Julianne Marella Villegas

My work addresses how cultural identity manifests as the romanticization and trauma from displacement. Where others have a sense of pride for where they originally came from, I have always known the Philippines as a colonized country. I cannot tell where the Western facet of my identity ends and where my Filipino-ness begins. As a second generation immigrant, I cannot discern my violence from my ancestry. In an act of reclamation, I make art that situates my brown body within spaces and ideas of self love, childhood nostalgia, and traditional handicraft.

My current body of work mends and celebrates the frayed segments of my history into a cohesive cultural identity. In recent time, queer and brown folks have reclaimed handmaking, craft, and print practice to make their experiences tangible to a an audience. My object making acts as an extension of these ideas in printmaking, textile, and embroidery. The tactility of my material speaks to the tenderness my politicized brown body is capable of in the face of overwhelming oppression. My body of work is an extension of my own body, put on display with my own agency and my own hand.

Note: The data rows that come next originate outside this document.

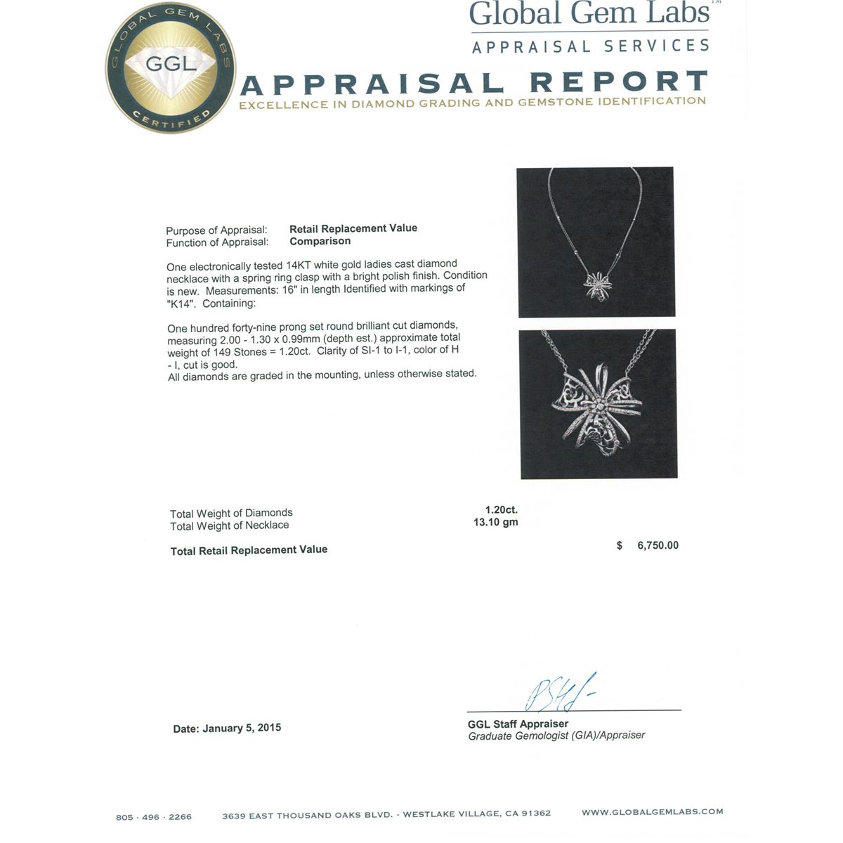 One electronically tested 14KT white gold ladies cast diamond necklace with a spring ring clasp with a bright polish finish. Measurements: 16" in length Identified with markings of "K14". Condition is new. Containing: One Hundred Forty-Nine prong set round brilliant cut diamonds, measuring 2.00 - 1.30 x 0.99mm (depth est.) approximate total weight of 149 Stones = 1.20ct. Clarity: SI-1 to I-1. Color: H - I, Cut is Good. All diamonds are graded in the mounting, unless otherwise stated. Total Weight of Diamonds 1.20ct. Total Weight of Necklace 13.10 grams. GGL Appraised at $6,750.00.
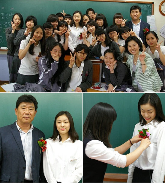 '교생 선생님'으로 변신한 김연아가 스승의 날을 맞아 카네이션을 선물 받았다.
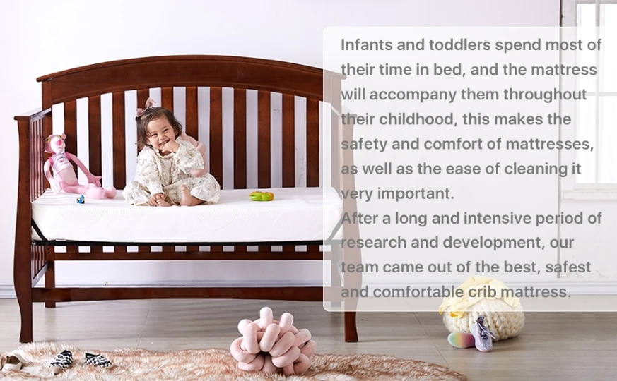 DUAL STAGE SYSTEM: Our 3rd generation dual side crib mattress is designed to be used in a different age span, infant side is constructed from a high-density foam with optimal firmness, luxurious feel for better night sleep. The slightly softer memory foam side give your precious toddler a maximum comfort. mattress fits a standard full-size crib as well as toddler bed.
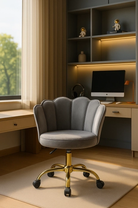 Компьютерное кресло Bud - это стильный и комфортный вариант для домашнего офиса. Кресло выполнено в классическом стиле с мягким сиденьем и спинкой из велюра, что обеспечивает комфорт при использовании. Хромированный каркас делает кресло очень прочным и стабильным, а колеса, прорезиненные для защиты напольного покрытия, позволяют легко перемещать кресло по комнате. Кресло также имеет регулировку высоты, что позволяет настроить его под себя и обеспечить максимальный комфорт при работе за компьютером.

As a queer Pinxy artist, Julianne Marella Villegas navigates the complexities of a hyphenated identity through icons of the Filipino-American diaspora and their own family archive. Using relief and screenprints on handmade and found fabrics, their print-textile hybrids recontextualize generational trauma and create spaces for healing through shared experiences. Residing in Oakland, CA, Villegas recently debuted their thesis exhibition “Walang Hiya” and received their BFA in Printmaking from California College of the Arts.